Estudos em Homenagem à Professora Thereza Alvim - Ed. 2020

2. Notas Sobre a Tutela Provisória no Novo Código de Processo Civil - Parte II

Entre no Jusbrasil para imprimir o conteúdo do Jusbrasil

Acesse: https://www.jusbrasil.com.br/cadastro

Luiz Fux

Ministro Vice-Presidente do Supremo Tribunal Federal. Professor Titular da Universidade do Estado do Rio de Janeiro (UERJ). Doutor em Direito Processual Civil pela UERJ. Palestrante internacional na Harvard Law School, na Universidade de Oxford, na Universidade de Coimbra, no Council of the Americas e no Cyrus Vance Center/NY. Membro da Academia Brasileira de Letras Jurídicas. Membro da Academia Brasileira de Filosofia.

gabineteluizfux@stf.jus.br

1.Introdução

O presente trabalho tem por objetivo apresentar ao leitor as principais novidades introduzidas pelo Código de Processo Civil de 2015 no âmbito das denominadas tutelas provisórias. Afigura-se particularmente notável a evolução do paradigma original do Código Buzaid de 1973, fundamentado na sacralidade da cognição exauriente e absoluta excepcionalidade da jurisdição cautelar, para um modelo de adaptabilidade da solução jurisdicional às especificidades da causa. Há, no novel diploma, ampla flexibilidade das formas de tutela baseada em cognição não exauriente.

O Livro III do Processo Cautelar, disciplinado pelo Código de Processo Civil de 1973, foi extinto pelo Código de processo Civil de 2015, passando a figurar o instituto geral da chamada Tutela Provisória (Livro IV), na Parte Geral do novo Código.
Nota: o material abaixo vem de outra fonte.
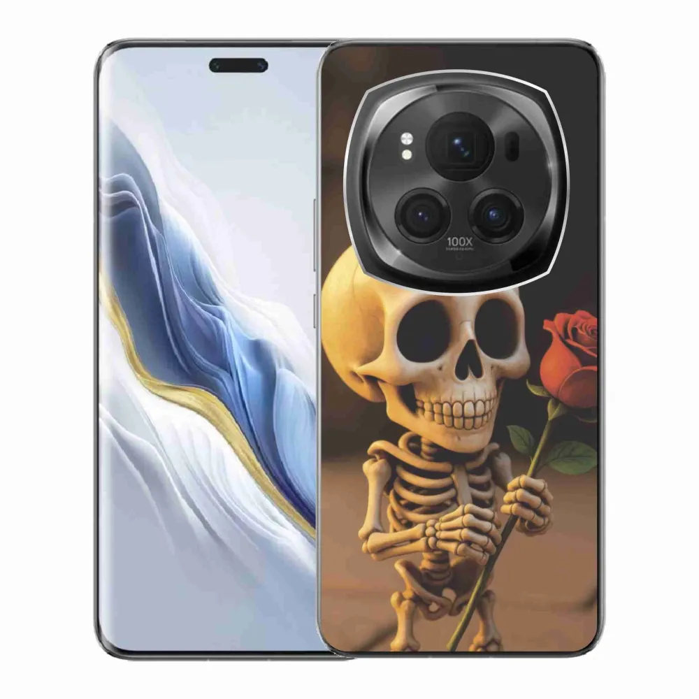 Púzdro na Honor Magic 6 Pro 5G - kostlivec s ružou poskytuje všetky výhody gélových obalov, a to v zaujímavom dizajne.

Didaticamente, ela vem em um contraponto à tutela definitiva do procedimento comum.

Essas inovações foram trazidas no afã de concretizar o princípio constitucional da razoável duração dos processos (art. , LXXVIII, da CRFB). O jurista italiano Michele Taruffo afirma que o recente desenvolvimento legislativo do Direito Processual mundialmente tornou relativamente superada a tradicional distinção entre sistemas de common law e civil law, sendo mais apropriado adotar como parâmetros comparativos e descritivos três tipos fundamentais de modelos de processo, quais sejam, os modelos estrutural, funcional e supranacional. O último modelo caracteriza iniciativas como os Códigos-Modelo para a Ibero-América, motivadas pela harmonização da disciplina processual de países que compõem a mesma área geográfica e cultural. Mais importante para vislumbrar a relevância do novo Código de Processo Civil brasileiro é compreender os dois primeiros modelos. Aquele denominado estrutural é composto pela análise de quatro aspectos de dado sistema processual que podem ser considerados fundamentais: (i) o cumprimento das garantias fundamentais previstas naConstituiçãoo e em diplomas internacionais, especialmente a regra audi et alteram partem e a independência e a imparcialidade do juiz; (ii) a desformalização e a simplificação da disciplina do processo; (iii) a atribuição ao juiz de funções e responsabilidades de gestor na direção do procedimento; e (iv) a adoção de um esquema procedimental que permita a resolução antecipada da causa em uma fase inicial, deixando para fase subsequente a produção de provas e a decisão final. Já o modelo funcional de processo enfatiza a sua instrumentalidade, dando ênfase à sua capacidade de atingir os seguintes objetivos: (i) efetividade da tutela processual, em especial o acesso às Cortes, à tutela cautelar e à tutela executiva, a fim de assegurar proteção eficaz aos direitos; (ii) rapidez da resolução das controvérsias, pois justice delayed is justice denied; e (iii) adequação específica do procedimento relativamente à finalidade de tutela das várias situações jurídicas. 1

Ao longo da presente exposição, demonstraremos como as normas sobre tutela provisória contidas no novo Código de Processo Civil poderão contribuir para o alcance dos objetivos inseridos nos modelos estrutural e funcional de processo.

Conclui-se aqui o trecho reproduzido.